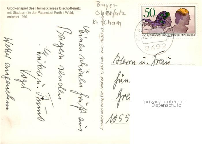 73019486 alte Postkarte Furth Wald Glockenspiel Bischofteintz Stadtturm postalisch gelaufen Erhaltung siehe scans [NatalD47] KatCode: 11110009372126
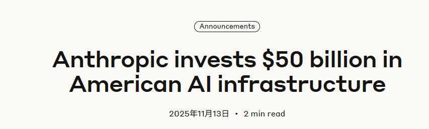 财联社11月13日讯(编辑 赵昊)美国人工智能(AI)初创企业Anthropic宣布,公司计划投资500亿美元用于建设美国人工智能基础设施,首批项目为在得州和纽约州建立定制化数据中心。
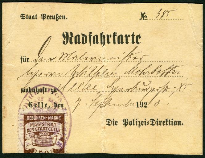 Keywords: 1920-09-07 Radfahrkarte Staat Preußen No. 385 Polizei-Direktion Gebühren-Marke Stadt Celle Magistrat Malermeister Wilhelm Mohrbotter.jpg Radfahrkarte Staat Preußen No 385 mit Vordruck für die 1920er Jahre für Die Polize-Direktion in Celle ausgestellt am 7 September 1920 für Zitat den Malermeister Herrn Wilhelm Mohrbotter wohnhaft zu Celle str - 15 mit vom Magistrat der Stadt Celle gestempelter und etwa halbierter Gebührenmarke zu 50 Pfennig Der Karton mit den Maßen 10cm x ca 7 4cm wurde oben und unten offenbar mit der Schere per Hand durchgeschnitten und - wohl von seinem Besitzer - in der Mitte geknickt Die Rückseite ist blanco mit Resten aufgeklebten Papiers Scan vom Original Bernd Schwabe 1920-09-07 Preußen PD-ineligible PD-old Documents by Ilse Paul Driver's licenses of Germany Wilhelm Mohrbotter painter 1920 in Lower Saxony 1920 documents Bicycles Revenue stamps on documents Revenue stamps of Germany Transport in Prussia Media of Prussia |
-- -- --
What is expected: Leave the pictures out. Otherwise, output the listing above exactly.

Reply:
 73019486 alte Postkarte Furth Wald Glockenspiel Bischofteintz Stadtturm postalisch gelaufen Erhaltung siehe scans [NatalD47] KatCode: 11110009372126
 财联社11月13日讯(编辑 赵昊)美国人工智能(AI)初创企业Anthropic宣布,公司计划投资500亿美元用于建设美国人工智能基础设施,首批项目为在得州和纽约州建立定制化数据中心。
 Keywords: 1920-09-07 Radfahrkarte Staat Preußen No. 385 Polizei-Direktion Gebühren-Marke Stadt Celle Magistrat Malermeister Wilhelm Mohrbotter.jpg Radfahrkarte Staat Preußen No 385 mit Vordruck für die 1920er Jahre für Die Polize-Direktion in Celle ausgestellt am 7 September 1920 für Zitat den Malermeister Herrn Wilhelm Mohrbotter wohnhaft zu Celle str - 15 mit vom Magistrat der Stadt Celle gestempelter und etwa halbierter Gebührenmarke zu 50 Pfennig Der Karton mit den Maßen 10cm x ca 7 4cm wurde oben und unten offenbar mit der Schere per Hand durchgeschnitten und - wohl von seinem Besitzer - in der Mitte geknickt Die Rückseite ist blanco mit Resten aufgeklebten Papiers Scan vom Original Bernd Schwabe 1920-09-07 Preußen PD-ineligible PD-old Documents by Ilse Paul Driver's licenses of Germany Wilhelm Mohrbotter painter 1920 in Lower Saxony 1920 documents Bicycles Revenue stamps on documents Revenue stamps of Germany Transport in Prussia Media of Prussia |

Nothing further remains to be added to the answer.